On 03.01.2011 02:14, Johan Corveleyn wrote:
On Mon, Jan 3, 2011 at 12:13 AM, Johan Corveleyn<jcor...@gmail.com>  wrote:
On Sun, Jan 2, 2011 at 10:04 PM, Johan Corveleyn<jcor...@gmail.com>  wrote:
On Sat, Jan 1, 2011 at 11:25 PM, Stefan Fuhrmann
<stefanfuhrm...@alice-dsl.de>  wrote:
Hi Johan,

Thursday night I did something stupid and had a look at  how
svn blame could be made faster based on the HEAD code in
your branch.

One night and most of the following day later, I think I made it
a few percent faster now. Some of the code I committed directly
to /trunk and you need to pull these changes into your branch
to compile the attached patch.

Feel free to test it, take it apart and morph it any way you like --
I know the patch isn't very pretty in the first place. I tested the
patch on x64 LINUX and would like to hear whether it at least
somewhat improved performance on your system for your
svn blame config.xml use-case.

-- Stefan^2.

[[[
Speed-up of datasource_open() and its sub-routines
by a series of optimizations:

* allocate the file[] array on stack instead of heap
  (all members become directly addressible through
  the stack pointer because all static sub-functions
  will actually be in-lined)
* minor re-arragements in arithmetic expressions to
  maximize reuse of results (e.g. in INCREMENT_POINTERS)
* move hot spots to seperate functions and provide a
  specialized version for file_len == 2
  (many loops collapse to a single execution, other
  values can be hard-coded, etc.)
* use seperate loops to process data within a chunk
  so we don't need to call INCREMENT_POINTERS&  friends
  that frequently
* scan / compare strings in machine-word granularity
  instead of bytes
]]]
Hi Stefan,

Thanks for taking a look. I really appreciate it.

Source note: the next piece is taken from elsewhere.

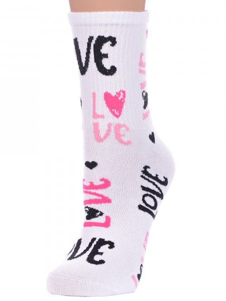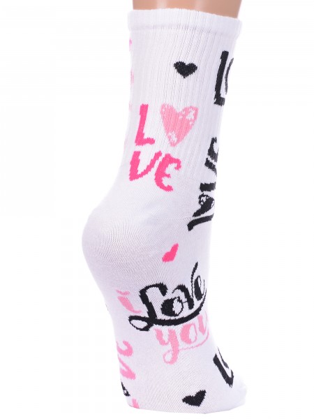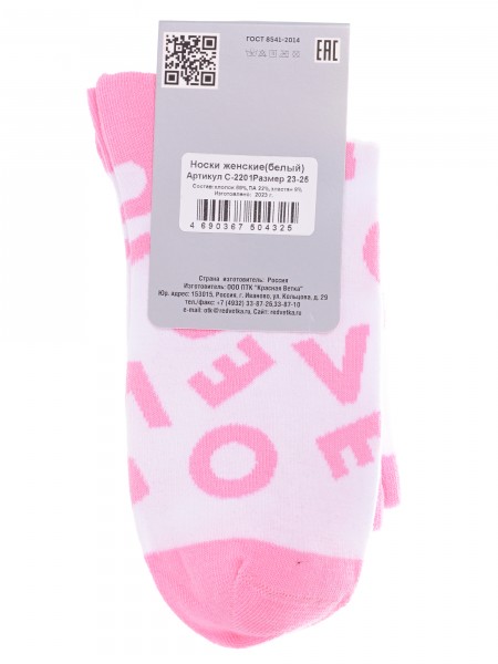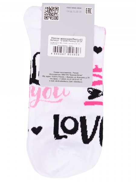 Круглогодичные укороченные женские носки, цвет белый, спортивные, возможно бесшовные, принт (рисунок): сердечки / поцелуи / любовь, полоски, в рубчик, небольшой рисунок, состав: 67% хлопок, 24% полиамид, 7% эластан, 2% полипропилен, арт. С-1225. Производитель «КРАСНАЯ ВЕТКА» Россия под брендом «Красная ветка».

When I saw your first couple of commits, to the adler32 stuff, I
already thought: hmmm, he's up to something :-). And after I saw your
change to eol.c#svn_eol__find_eol_start, reading per machine-word, I
was thinking: hey, I could really use something like that in the
prefix/suffix scanning. Nice ... :-)

(I had some trouble applying your patch. It doesn't apply cleanly
anymore to HEAD of the branch (but most hunks were applied correctly,
and I could manually change the rest, so no problem)).

However, first tests are not so great. In fact, it's about 25% slower
(when blaming my settings.xml file with 2200 revisions, it's spending
about 90 seconds in diff, vs. around 72 with HEAD of
diff-optimizations-bytes).

Analyzing further, I can see it's spending significantly less time in
prefix/suffix scanning, but more time in token.c#svn_diff__get_tokens
(which is where the original algorithm gets the tokens/lines and
inserts them into the "token tree"). This tells me it's not working
correctly: either prefix/suffix scanning fails too soon, so there's
much more left for the regular algorithm. Or it's just not functioning
correctly.

Looking at the result of the blame operation, it seems it's the
latter. The final result of the blame is not correct anymore.

I'll try to look some more into it, to see what's going wrong. Maybe
you can also see it with a simple diff of a large file ... (for a good
example in svn's own codebase, you could try
subversion/tests/cmdline/merge-tests.py (pretty large, and almost 700
revisions)).
Ok, by eliminating parts of the new stuff, I found out the problem is
in scan_backward_fast (part of suffix scanning). If I bypass that, and
always take scan_backward_slow, it works.

And it's fast too! It's taking only 58 seconds in "diff", vs. 72 for
the normal version. Splitting that up further, it's taking only 28
seconds in prefix/suffix scanning, vs. ~47 for the normal version (for
some reason, the lcs processing took a little longer, but that's
probably unrelated (only did a single run)). And that's with
scan_backward_slow. That's pretty amazing.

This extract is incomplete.